Once the line with "로그를 살펴보면 JEUS" is found in the entries below, print it and each following line exactly, stopping after the line with "Suzie pointing at"; print nothing else.

Saved entries:
--- --- ---

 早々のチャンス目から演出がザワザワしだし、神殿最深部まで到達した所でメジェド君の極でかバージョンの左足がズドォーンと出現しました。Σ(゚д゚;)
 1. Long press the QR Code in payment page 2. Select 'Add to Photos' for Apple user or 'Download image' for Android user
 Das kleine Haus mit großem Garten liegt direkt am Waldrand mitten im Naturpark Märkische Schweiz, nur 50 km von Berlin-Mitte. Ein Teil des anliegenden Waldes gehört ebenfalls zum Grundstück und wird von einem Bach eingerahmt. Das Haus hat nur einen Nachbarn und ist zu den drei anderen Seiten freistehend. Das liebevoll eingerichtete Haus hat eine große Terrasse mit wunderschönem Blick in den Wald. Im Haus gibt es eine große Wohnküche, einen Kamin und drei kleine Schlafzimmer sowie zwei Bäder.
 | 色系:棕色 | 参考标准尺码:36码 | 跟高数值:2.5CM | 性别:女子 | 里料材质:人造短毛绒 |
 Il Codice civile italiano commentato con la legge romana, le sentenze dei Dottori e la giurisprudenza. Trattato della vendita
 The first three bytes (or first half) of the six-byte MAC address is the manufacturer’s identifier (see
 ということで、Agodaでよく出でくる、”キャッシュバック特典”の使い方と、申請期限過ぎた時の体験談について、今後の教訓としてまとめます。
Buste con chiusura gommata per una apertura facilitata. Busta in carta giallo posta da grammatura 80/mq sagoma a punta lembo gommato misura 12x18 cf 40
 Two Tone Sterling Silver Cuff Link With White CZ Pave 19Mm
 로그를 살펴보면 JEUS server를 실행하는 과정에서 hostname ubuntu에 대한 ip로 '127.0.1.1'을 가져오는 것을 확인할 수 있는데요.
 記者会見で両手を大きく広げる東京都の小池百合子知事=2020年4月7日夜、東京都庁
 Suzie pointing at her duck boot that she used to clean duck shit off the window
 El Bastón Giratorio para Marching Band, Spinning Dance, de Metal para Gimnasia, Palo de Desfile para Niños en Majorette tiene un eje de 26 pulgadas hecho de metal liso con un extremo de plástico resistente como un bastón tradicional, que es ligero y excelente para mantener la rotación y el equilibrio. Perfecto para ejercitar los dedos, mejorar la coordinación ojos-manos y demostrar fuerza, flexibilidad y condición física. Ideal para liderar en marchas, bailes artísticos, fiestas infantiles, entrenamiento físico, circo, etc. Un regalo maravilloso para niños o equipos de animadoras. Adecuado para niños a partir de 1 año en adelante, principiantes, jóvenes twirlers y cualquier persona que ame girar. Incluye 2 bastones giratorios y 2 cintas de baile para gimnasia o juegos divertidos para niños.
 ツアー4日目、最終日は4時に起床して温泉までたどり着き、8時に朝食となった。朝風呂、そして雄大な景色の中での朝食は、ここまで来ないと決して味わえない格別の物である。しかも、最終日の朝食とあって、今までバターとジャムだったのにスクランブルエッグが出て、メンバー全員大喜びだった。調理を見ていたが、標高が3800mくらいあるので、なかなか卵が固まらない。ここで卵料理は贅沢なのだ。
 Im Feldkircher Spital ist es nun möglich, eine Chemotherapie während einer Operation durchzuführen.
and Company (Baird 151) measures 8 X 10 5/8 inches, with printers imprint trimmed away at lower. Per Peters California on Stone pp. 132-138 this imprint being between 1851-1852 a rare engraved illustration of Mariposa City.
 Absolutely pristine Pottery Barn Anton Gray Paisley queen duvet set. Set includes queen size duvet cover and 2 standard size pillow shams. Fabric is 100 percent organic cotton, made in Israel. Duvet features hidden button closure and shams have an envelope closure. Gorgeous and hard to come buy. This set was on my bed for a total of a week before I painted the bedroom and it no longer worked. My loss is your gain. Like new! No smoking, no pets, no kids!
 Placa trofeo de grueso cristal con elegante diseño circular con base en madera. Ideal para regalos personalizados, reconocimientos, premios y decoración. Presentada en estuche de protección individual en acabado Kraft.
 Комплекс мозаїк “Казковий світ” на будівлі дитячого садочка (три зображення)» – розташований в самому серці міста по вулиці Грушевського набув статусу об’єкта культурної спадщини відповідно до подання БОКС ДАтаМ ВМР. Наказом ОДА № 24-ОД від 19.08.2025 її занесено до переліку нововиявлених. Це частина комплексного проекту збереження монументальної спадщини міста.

--- --- ---

RESPONSE TO THIS TASK:
 로그를 살펴보면 JEUS server를 실행하는 과정에서 hostname ubuntu에 대한 ip로 '127.0.1.1'을 가져오는 것을 확인할 수 있는데요.
 記者会見で両手を大きく広げる東京都の小池百合子知事=2020年4月7日夜、東京都庁
 Suzie pointing at her duck boot that she used to clean duck shit off the window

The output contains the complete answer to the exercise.